I recently read an article by Knight Kiplinger of Kiplinger’s magazine. Kiplinger wrote:

“Sure, I yearn for some aspects of the America of my boyhood, the 1950s, when there was better social order and respect for authority, fewer divorces (underline added by me) and no public vulgarity in popular culture.”

He goes on to say:

“But that was also an era in which a higher proportion of Americans lived in poverty, air and water pollution was far worse, fewer young people could go to college, the average standard of living was much lower, and discrimination against women and racial minorities was rampant – and legal – in all aspects of American life.”

Relating Kiplinger’s words to my profession, it makes me wonder if our society was destined to have an increase in divorces as a natural result of the advances Kiplinger lists (and others he doesn’t list). Is it better to “stick out” a “bad” marriage, or is that also 1950s thinking that has gone the way of poverty, pollution, and discrimination as described by Kiplinger?

This is a question that has to be answered by each of us as individuals. However, I feel strongly that today’s opportunities don’t have to mean a complete absence of yesterday’s order and simplicity.
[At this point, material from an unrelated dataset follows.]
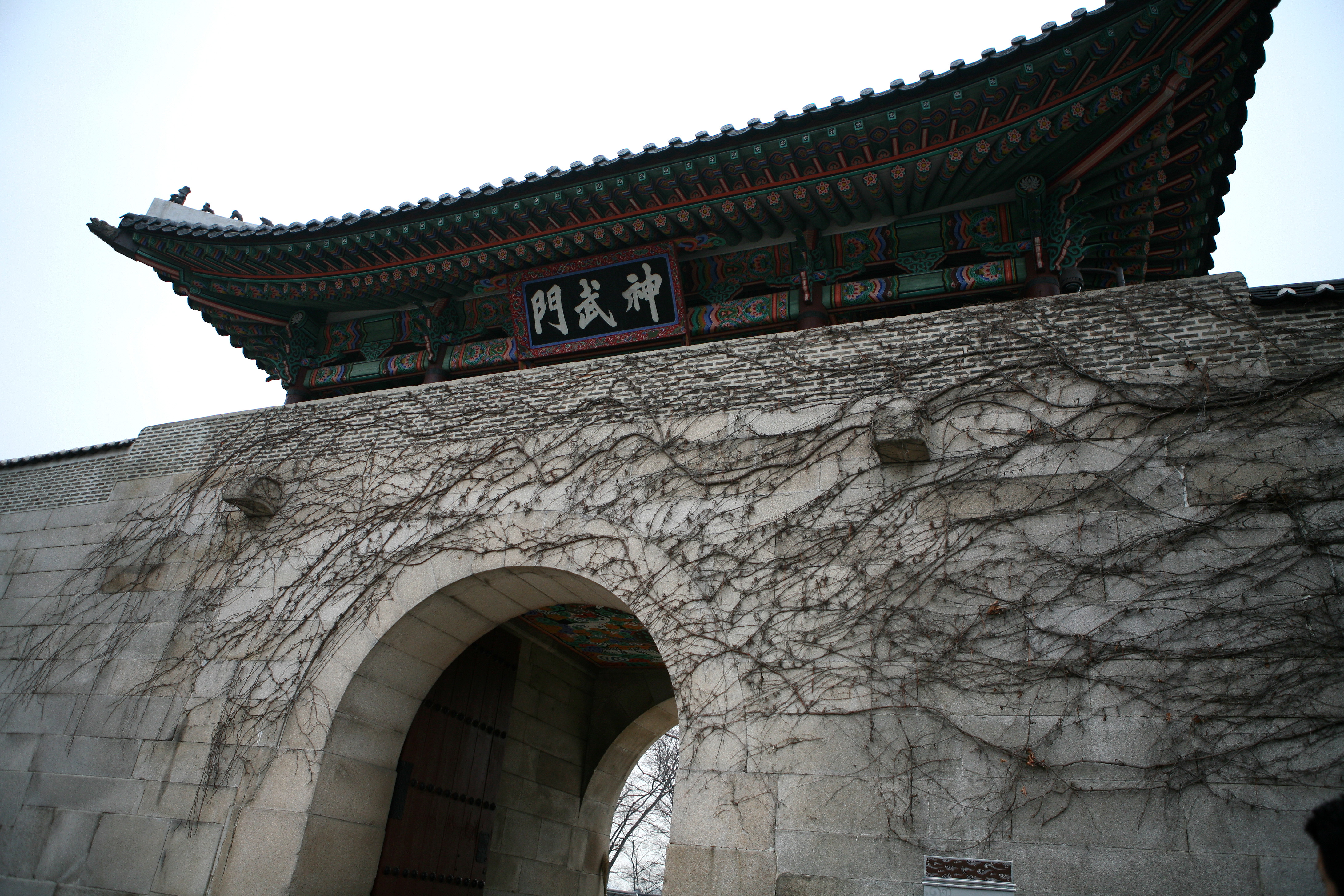 Sinmumun (Gate) located on the north side of Gyeongbokgung (Palace) in Seoul, South Korea
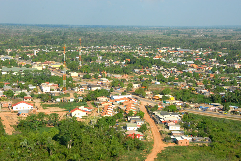 Sena Madureira, Acre.

Improved technology doesn’t mean we have to lose personal contact. Increased income and education doesn’t mean we have to lose respect for others. An increase in divorces doesn’t mean we have to allow conflict and anger to consume our families.

It all comes down to choices.

We have the ability to choose to maintain personal contact, to maintain respect for others, and to maintain cooperativeness and civility in divorces.

Divorces are a regular part of today’s society. Conflict, anger, and violence don’t have to be. The choice is ours.